Lucas clutches at his neck, kicking and thrashing, as Sebastian steps up next to his father. Seeing them like that, side by side, mirror images of each other, brings on a bout of nausea in Georgina.

Christina starts to cry, fat tears rolling down her face as she pleads with Colin to let the boy go. “Daddy, please!” she cries. “Please!”

But Colin is unfazed by his daughter’s distress. “Shut up,” he barks. “I’ll deal with you later.”

Christina startles. She doesn’t understand it yet, but Georgina does.

She knows that look in Colin’s eyes, that singular focus—Christina’s father, the man she has always known him to be, is gone.

Georgina tried so hard to keep this version of Colin from her children.

She’d sacrificed so much of herself to spare Christina from seeing the kind of violence that’s playing out before her eyes, and Georgina understands now that there’s nothing more she can do.

She can’t protect her child from the world. Maybe she never should have tried.

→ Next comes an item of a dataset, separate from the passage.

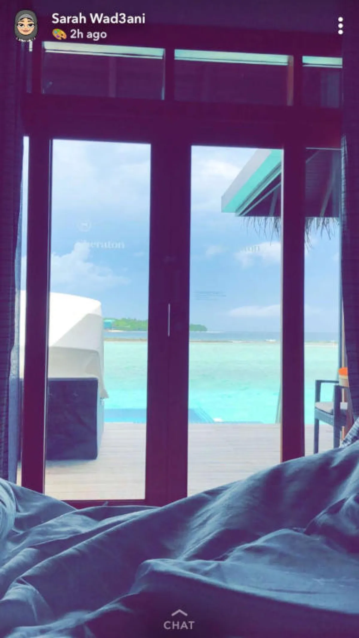 سارة الودعاني التي نشرت الصورة عبر حسابها على "سناب شات"، لم تُظهر وجهها أو وجه زوجها، بل اكتفت بالتركيز على التقاط صورة تظهر جزءًا من السرير في غرفة نومها المطلة على الشاطئ.
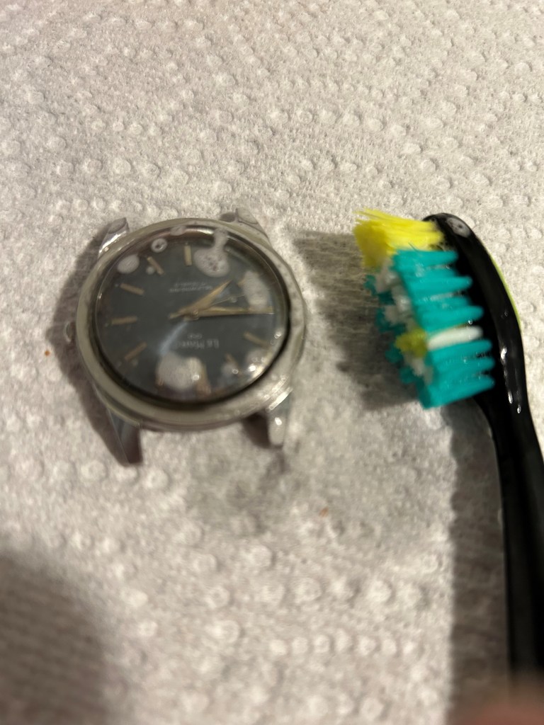 I think that it is good enough to wear. Not perfect, not showroom quality, just good enough for the vintage collector who can accept imperfections. I will eventually take it to the watchmaker and maybe the dial can be cleaned gently and see what movement I have.. It has been within a minute in the last 24 hours, not bad for a fast twitch gamble.

A crowd has started to gather, and Georgina scrambles to her feet and shields her crying daughter.

“Colin!” she shouts. She grabs her husband’s arm, digging her nails into his skin and shaking him as if she’s trying to wake him from a trance.

“Stop!” she commands. “Get your hands off that boy! You’re out of line, Colin! ”

Colin drops Lucas’s collar, and Georgina hears the sharp intake of air filling Lucas’s lungs as his feet land back on the pavement. But Colin isn’t looking at him; his eyes are locked on Georgina, cold, hard, and unforgiving.

Georgina can feel the stares of the crowd, the eyes boring into her back, but she looks only at Colin, her chin held high, righteous and defiant.

She knows there will be a price to pay for what she just did, but it doesn’t matter.

She did what she had to do. Let him take his anger out on her, as long as he spares her children.